Sure. So I'm Application Delivery Lead at CSC. What I do there is, right now, I work with a major program with a federal customer. I have a team of 300 people, that includes 28 software development teams and I've got an operations team and a security team that all work for me. Then I also work for our sort of functional horizontal for applications. I work with a lot of other customers as well.

   

2. How and when did you first hear about DevOps?

Actually, I was in the software for a long time. In 2010, I took a role as IT Director of an about 500-person company at the time. When I got into that role, I was supporting development and I was trying to build out the development environment I would have liked if I was a developer, from an infrastructure standpoint.

It made me appreciate the actual Ops side of it because now I was doing that and I understood why all of the Ops teams that I ever worked with before didn't want me doing the stuff that I was doing to the servers.

At one point, one of the developers that I was supporting in Agile teams said, "There's this thing called DevOps, have you heard of it?" I was like, "No." He said, "You should. You should definitely look into this." It really just came out as a concept, this was 2010. It was really early, 2009,it just happened. I started researching and reading into it and having been someone that had crossed the chasm, I was like, "Oh, my gosh. This is it. This is that missing link I've been trying to figure out for forever." So that was a really great way into that field.

   

3. How did you get started with DevOps practices and transformation at that moment? What were the first steps you took?

I feel like the first steps, it was like this evolution of a lot of things that we sort of did. In that particular role where I was IT Director, one of the things we did is we actually built out this like Dev Lab for development and test environments for our project teams.
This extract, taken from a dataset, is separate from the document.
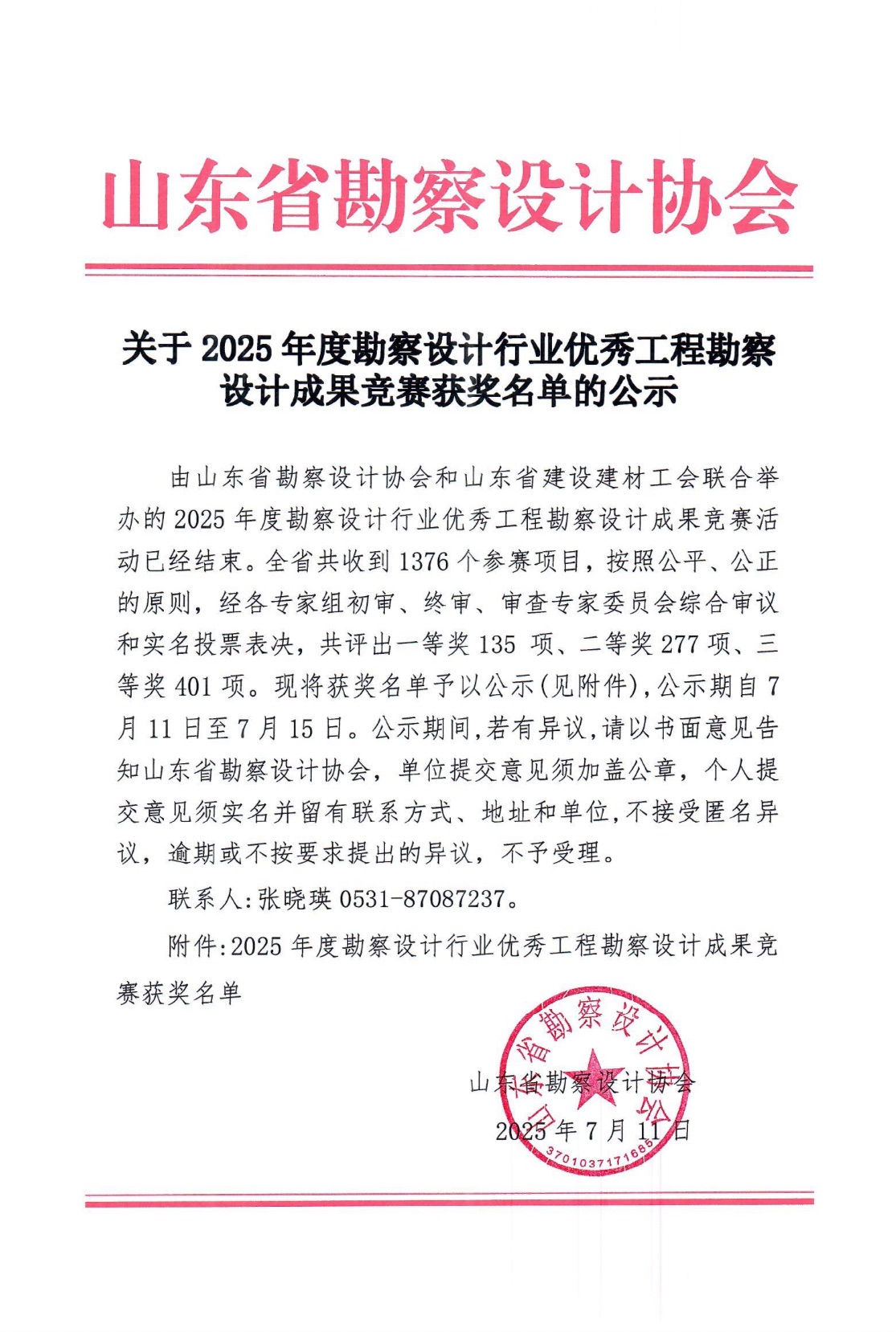 附件:2025年度勘察設計行業(yè)優(yōu)秀工程勘察設計成果競賽獲獎通知及名單

When we were doing that, one of the things I did is I just got everybody in the room. So I had the people that were the build masters in the development team. I had our lead architect. I brought my Ops team and we designed what that needed to look like. We were both responsive to Devs team telling us, "Well, we want the ability to do dynamic provisioning stuff and do all these things” and our Ops team having to go “but we need it to run on some standard hardware because we don't have an army and we need you to help us."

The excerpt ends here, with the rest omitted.